> **Instructions for the task**:
Using the listing below, set down exactly the lines from the one that contains "The spatula is" through the one that contains "Snygg svart långärmad", with no pictures.

> **Recorded data**:
<<<<
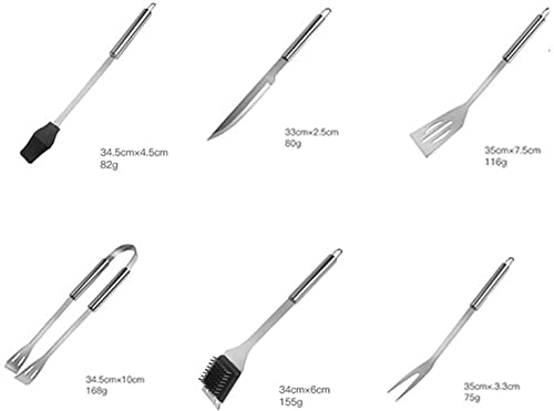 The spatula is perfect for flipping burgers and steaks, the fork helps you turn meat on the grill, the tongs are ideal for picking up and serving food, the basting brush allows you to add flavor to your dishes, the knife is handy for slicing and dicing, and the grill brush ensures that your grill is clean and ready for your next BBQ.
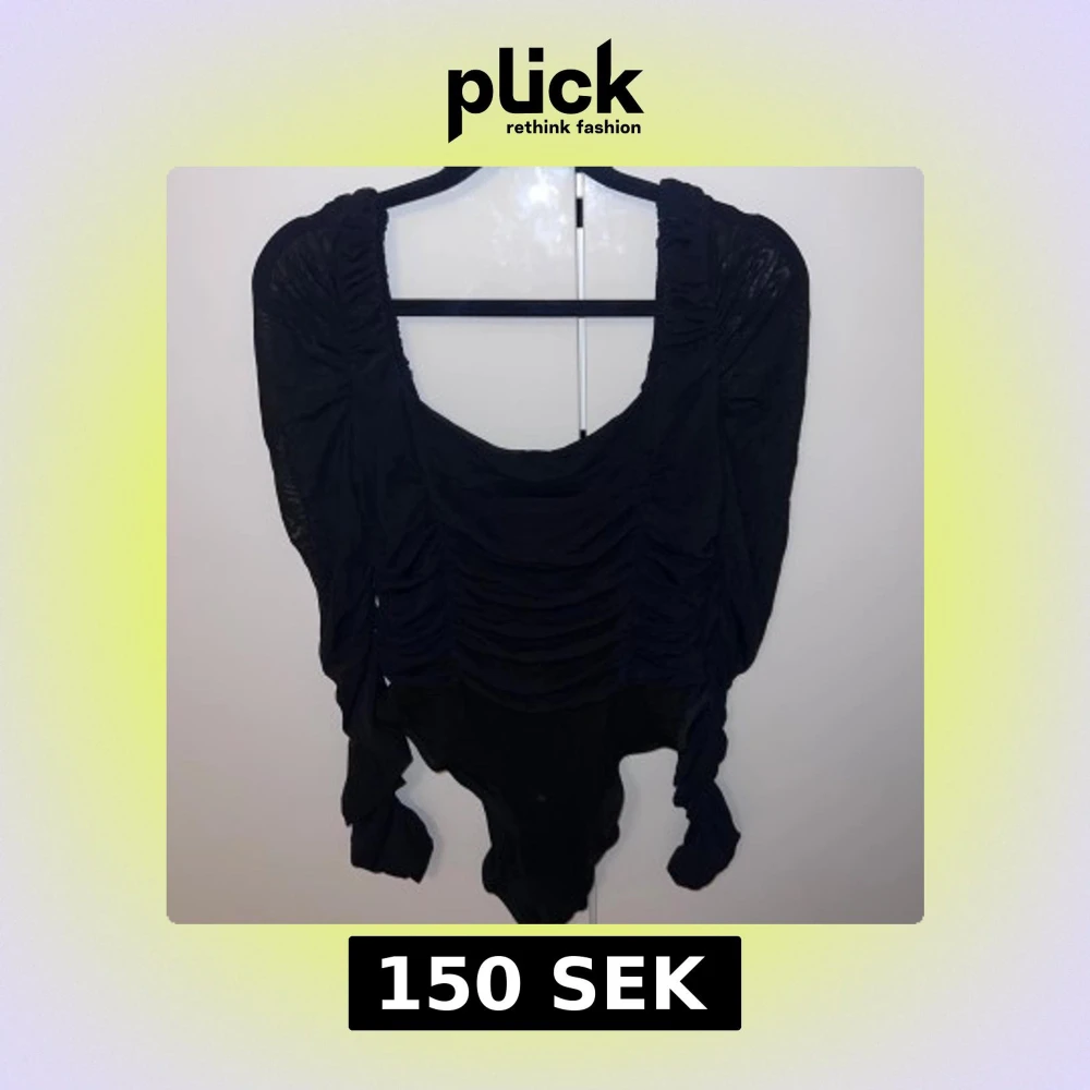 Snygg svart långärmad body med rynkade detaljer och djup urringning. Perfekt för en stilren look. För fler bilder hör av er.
>>>>
<<<<
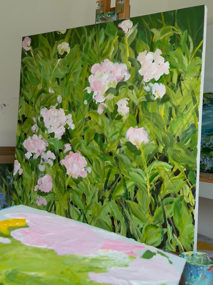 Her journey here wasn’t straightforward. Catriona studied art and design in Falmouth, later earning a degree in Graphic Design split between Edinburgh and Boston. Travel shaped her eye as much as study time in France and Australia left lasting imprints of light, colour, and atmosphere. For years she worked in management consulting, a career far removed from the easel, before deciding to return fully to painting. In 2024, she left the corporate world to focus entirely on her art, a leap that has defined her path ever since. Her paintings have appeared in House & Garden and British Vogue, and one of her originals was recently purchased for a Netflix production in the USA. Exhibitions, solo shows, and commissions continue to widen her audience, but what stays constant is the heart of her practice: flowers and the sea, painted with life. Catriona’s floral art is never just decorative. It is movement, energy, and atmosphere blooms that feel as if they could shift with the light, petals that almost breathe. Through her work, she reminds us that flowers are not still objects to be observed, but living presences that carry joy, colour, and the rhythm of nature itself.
>>>>
> **Answer space**:
 The spatula is perfect for flipping burgers and steaks, the fork helps you turn meat on the grill, the tongs are ideal for picking up and serving food, the basting brush allows you to add flavor to your dishes, the knife is handy for slicing and dicing, and the grill brush ensures that your grill is clean and ready for your next BBQ.
 Snygg svart långärmad body med rynkade detaljer och djup urringning. Perfekt för en stilren look. För fler bilder hör av er.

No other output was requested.